2段階プロセスが適用され、それぞれの段階は質量スペクトルのピークを識別するための方法を適用することにある。段階1では、それぞれの濃度に関する質量スペクトルのそれぞれのセットについてピークを識別する方法が適用される。それぞれのスペクトルにおいて1つずつのピークである複数ピークからなる結果のシーケンスは異なるイオンに関連付けられる。段階1のこの出力は、仮想ピークとして、それぞれのシーケンスについて計算された平均ピーク座標値を有する仮想質量スペクトルのセットに変換される。ピークを識別するための方法は仮想質量スペクトルについて1回適用され、その結果の識別テーブルは溶液のそれぞれの濃度ごとに1つのイオンに関連するピーク座標値を参照する。
【選択図】 図3

Description

本発明は一般に質量スペクトル分析に関し、詳細には、本発明は化学溶液の質量スペクトルを分析するための方法を提供する。
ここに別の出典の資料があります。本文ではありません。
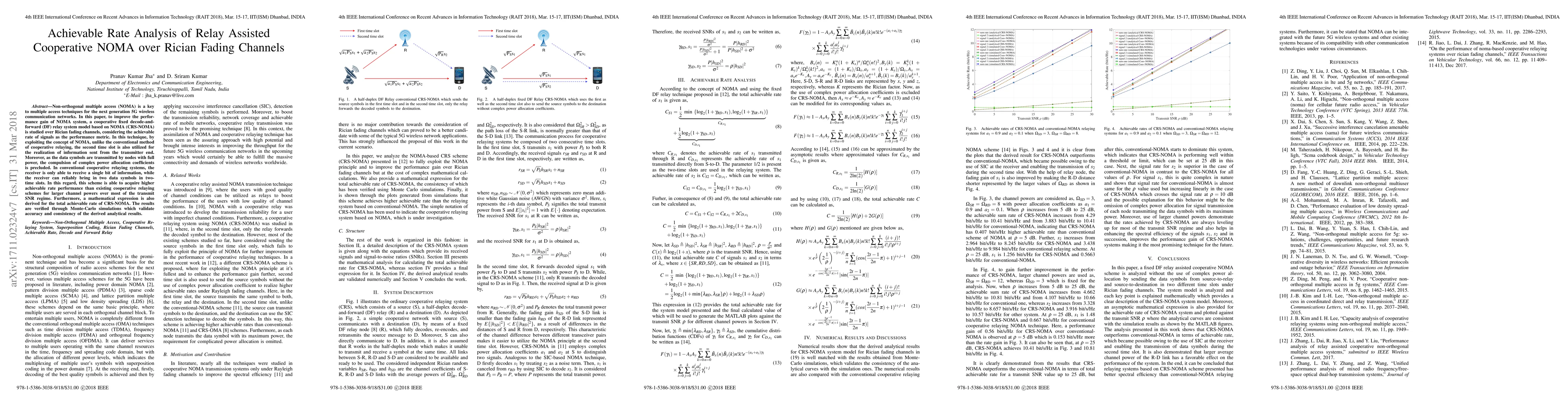 This paper investigates a cooperative relay-assisted NOMA system over Rician fading channels, demonstrating improved achievable rate performance compared to conventional relaying methods. The proposed CRS-NOMA scheme leverages full power transmission and dual-time slot information relaying, achieving higher rates without complex power allocation.
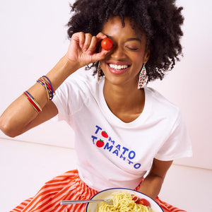 • Statement fringe earrings featuring playful tomato-inspired beadwork
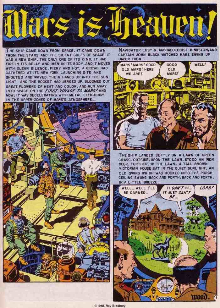 For example: I re-read The Martian Chronicles this weekend, and in the chapter entitled "The Third Mission," which was originally published as “Mars Is Heaven” in 1948, there’s a line that jars like a pothole.  Instead of Martians, the crew of the ship encounters the inhabitants of a middle-America town who all think it’s 1926.  Trying to get his head around this, Captain John Black  says:
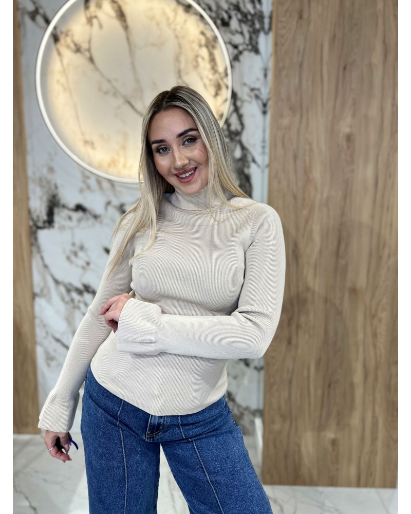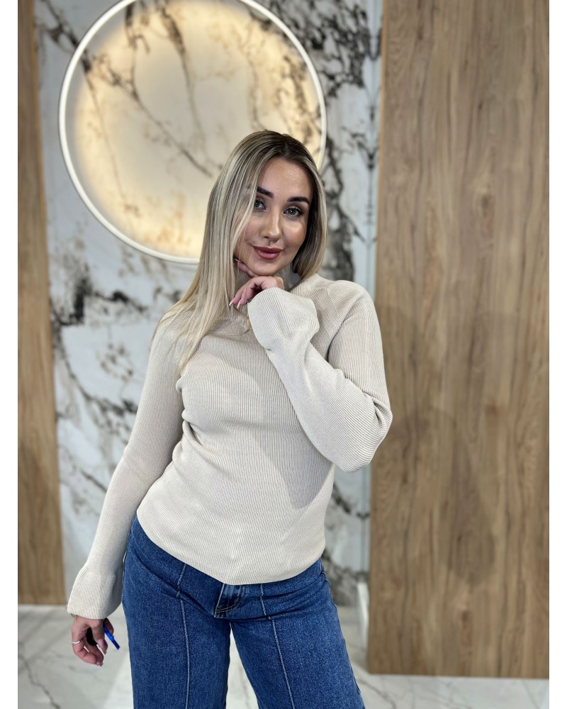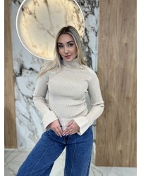 Prążkowany golf z efektownymi rękawami w kształcie dzwoneczka to stylowy i kobiecy model, który łączy klasyczną elegancję z odrobiną nowoczesnego charakteru. Idealny do codziennych i bardziej wyjściowych stylizacji.
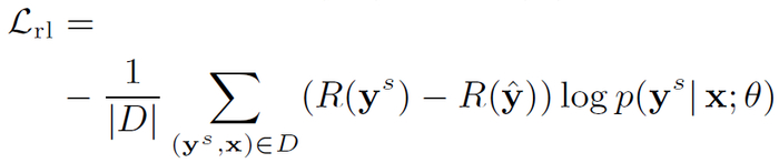 对于 RL,本文引入一种自判别策略梯度算法(a self-critical policy gradient algorithm)[8]。在训练过程中,会生成两个摘要:第一,摘要 y^s,在每个解码步骤基于概率分布 p(y^s | x;θ)抽样符号;第二,基线摘要 y^,在每个步骤中贪婪选择概率最高的符号。定义目标函数如下:
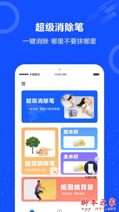 图片擦除笔手机端使用的图片处理软件,该软件支持擦除图片上的水印和不需要的物体,还支持自动抠图功能,界面简洁,易于上手,欢迎需要的朋友下载使用。
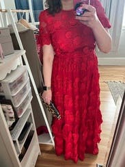 Absolutely loved this stunning red floral lace dress! The fit was perfect, and it looked amazing on—so many compliments throughout the night. I seriously considered purchasing it, but I couldn’t justify it with so few formal events on my calendar. A true showstopper for any special occasion!
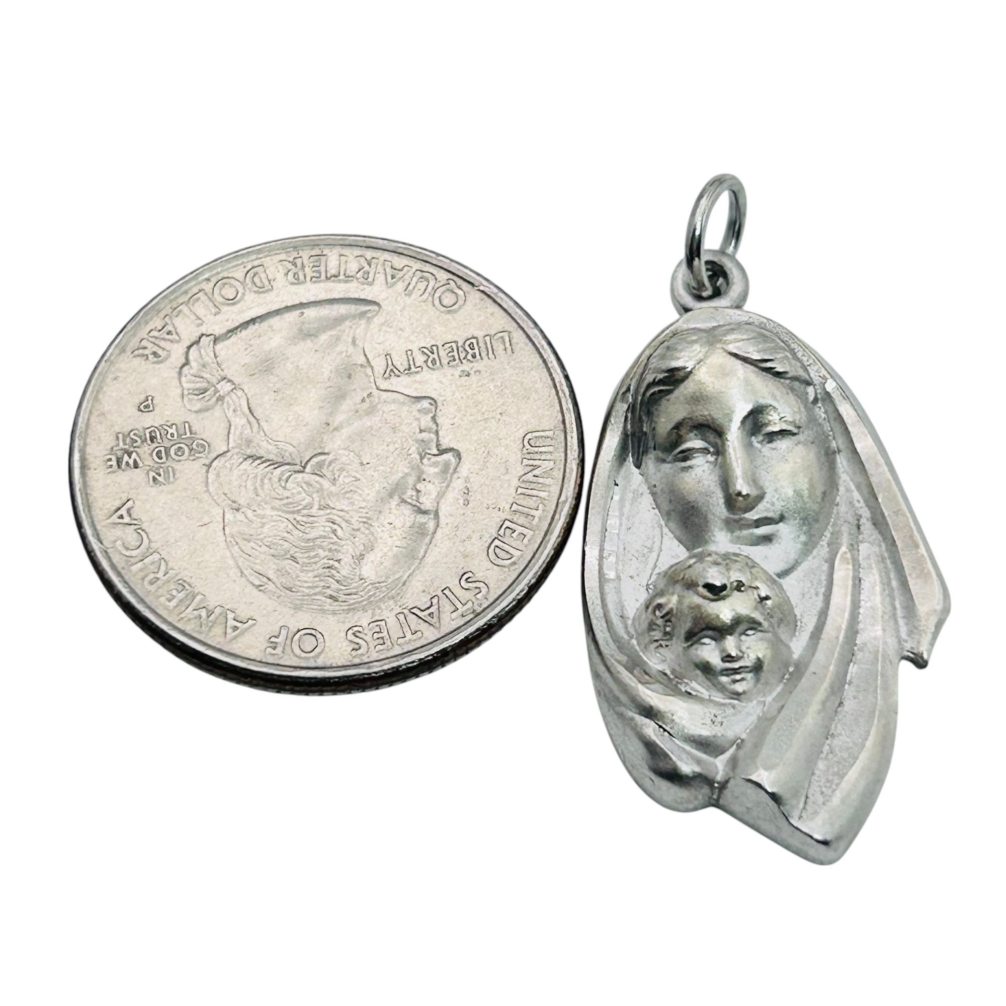 Vintage sterling silver mother Mary and baby Jesus pendant 8.52 g

質量分析法の原理は、質量電荷比が測定される荷電分子または分子の断片を生成するために化学元素をイオン化することにある。たとえば、溶液中のイオンの質量スペクトルは、質量電荷比によるイオンの分布を提供する。質量スペクトル・グラフのx軸は1つのイオンを識別する質量電荷比を示し、y軸はこれらのイオンによって提供される信号強度を示す。1つのイオンに関する質量スペクトル・グラフは、ピークで読み取られたイオンに関する(質量電荷、強度)情報を示す。異なるイオンを含有する化学溶液の場合、質量スペクトル・グラフのそれぞれのピークは、溶液中に対応するイオンが存在することを示すであろう。
しかし、質量スペクトル・グラフにおいて、複数ピークの高密度で連続する場合、ならびにそれぞれのピークについて、計器で測定した質量および強度がいずれも誤差の影響を受けやすい場合、化学溶液の質量スペクトルでイオンを識別することは常に容易であるわけではない。たとえば、回帰モデルを構築することにより溶液中の可溶性の物質の濃度を予測する必要がある場合があり、溶液中の一部のイオンの濃度は物質濃度の未知ではあるが明確な関数である。線形ケースでは、異なるイオンについてそれぞれ異なる係数により、イオン濃度は物質濃度と相関している。回帰モデルを構築するために、まず、溶液中の物質の濃度が異なる場合に異なる質量スペクトルで同じイオンに対応するピーク強度を識別できなければならない。物質が無機分子に対応する場合、イオンは質量スペクトルで容易に識別される。しかし、有機分子が水で希釈される場合、その結果の溶液の質量スペクトルは、水中における大きい分子の解離のために、数百個のイオンを含む可能性がある。
溶液中の物質の異なる濃度に対応する異なる質量スペクトルで同じイオンに対応する情報を識別するための従来技術の解決策の1つは、周知のデータ・ビニング(data binning)技法を使用することである。データ・ビニング技法により軽微な測定誤差の影響を低減することができ、質量スペクトルでは均一サイズ(通常、1質量単位)の非オーバラップ間隔(ビン)によって質量範囲をカバーしなければならず、それぞれのピークの強度は対応するビンに蓄積される。しかし、mは回帰モデルを構築するために分析すべきすべての溶液にわたるイオン質量測定に関連する誤差であるとすると、その誤差mに関連する2つの影響はビニング手法を徐々に害する可能性があり、すなわち、以下の通りである。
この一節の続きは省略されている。